Joleen pushed that scary thought right out of her mind.
She’d tried more than once to reach him on his cell. And each time she did, she got a recorded voice telling her that the “customer” wasn’t available and offering her the chance to leave her name and number. She had left her name and number. But she’d never heard back.
“Joly, you are lookin’ strained,” said the Tilly cousin, whose name was Bud. “You okay?”
“Well, of course I am.” She arranged her face into what she hoped resembled a confident smile. “Help yourselves to a beer. There’s plenty. Outside in the coolers. And right there in the fridge, too.”
Bud and Burly turned for the refrigerator. Joleen went out the kitchen door again, into the blistering backyard.
Her aunt LeeAnne DuFrayne, Burly’s mama, was standing under one of the two patio ceiling fans, holding the front of her dress out at the neck so that the fan’s breeze could cool her a little. As Joleen went by, Aunt LeeAnne let go of her dress and caught Joleen’s arm.

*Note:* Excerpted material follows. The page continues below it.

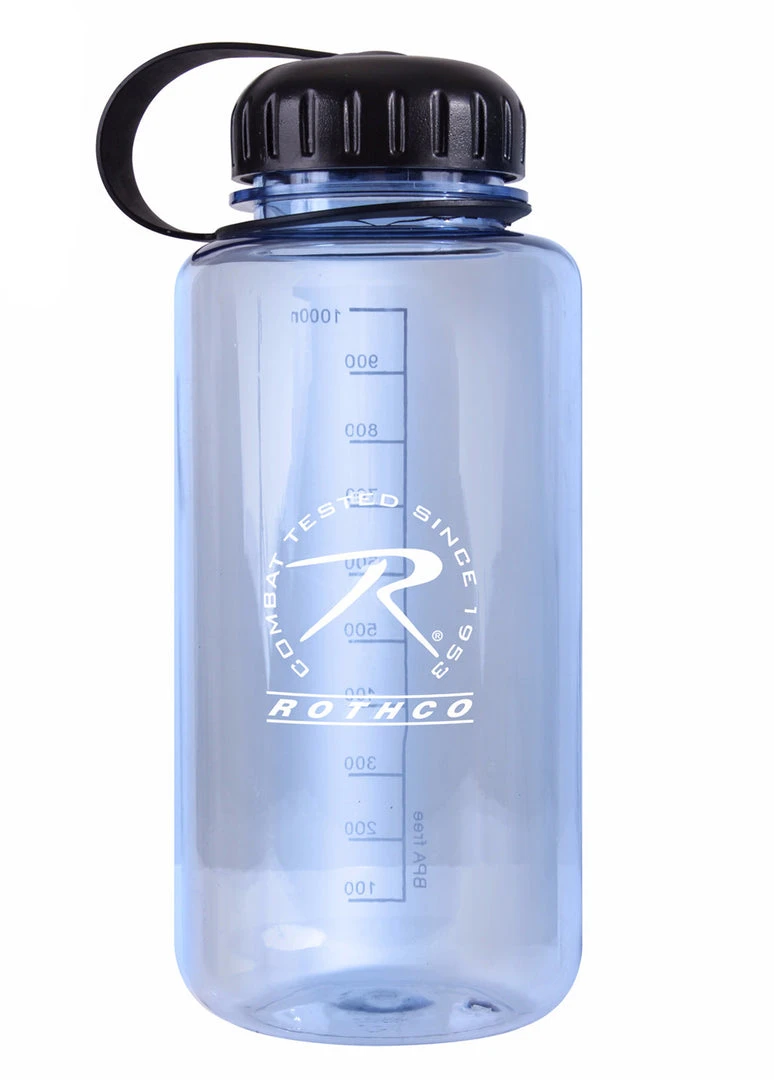 Rothco’s BPA Free Plastic Water Bottle is an incredibly durable wide-mouth plastic water bottle. The Rothco Water Bottle is made of a shatterproof BPA Free plastic material with ML measurement markings (up to 1000) on the side. This 1 Quart (32 oz) water bottle features a screw on cap that is attached to the bottle. Fits in Rothco’s MOLLE Water Bottle Holder.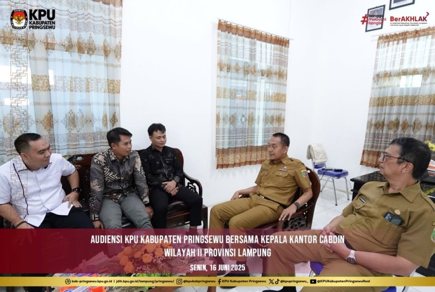 Senin, 16 Juni 2025, Komisi Pemilihan Umum (KPU) Kabupaten Pringsewu melaksanakan audiensi dengan Kepala Kantor Cabang Dinas Pendidikan Wilayah II Provinsi Lampung. Kegiatan ini bertujuan untuk membahas potensi kerja sama strategis dalam rangka peningkatan partisipasi pemilih, penguatan pendidikan politik, serta internalisasi nilai-nilai demokrasi di lingkungan satuan pendidikan. Audiensi berlangsung dengan penuh semangat kolaboratif, menandai komitmen bersama dalam membangun generasi muda yang sadar politik dan melek demokrasi.

“You have done a beautiful job here, hon.”
“You’re a sweetheart to say so, Aunt LeeAnne. Too bad it’s so darn hot.”
“You can’t control the weather, hon.”
“I know, I know.”
“The backyard looks festive. And Mesta Park is such a lovely area. I always admire it so every time I visit.”
Mesta Park lay in the heart of Oklahoma City, a charming old neighborhood with lots of classic prairie-style houses and graceful mature trees. Joleen’s mother had owned the house on Northwest Seventeenth Street since she herself had been a young bride.
Aunt LeeAnne patted Joleen’s arm. “I do think we ought to start the ceremony soon, though, don’t you?”
“Soon,” Joleen repeated. What else could she say?
Aunt LeeAnne stopped patting. She gripped Joleen’s arm and whispered in her ear, “I see that you invited the Atwoods.”
Joleen made a noise in the affirmative and flicked a quick glance toward the well-dressed couple standing by themselves near the punch table. Bobby Atwood, the couple’s only son, had died just six weeks ago, in a power-skiing accident on Lake Thunderbird. Pictures of the funeral service had dominated the local news. Atwood, after all, was an important name in the state of Oklahoma.
In spite of what had happened between herself and Bobby, the sight of his grieving parents at graveside had proved too much for Joleen. She hadn’t been able to stop herself from reaching out to them.
“You have a good heart, Joly,” whispered Aunt LeeAnne. “There aren’t many who would be so forgiving.”
“Well, it seemed like a nice gesture, to ask them if they’d like to come.”
Aunt LeeAnne made a small, sympathetic noise and patted Joleen’s arm some more.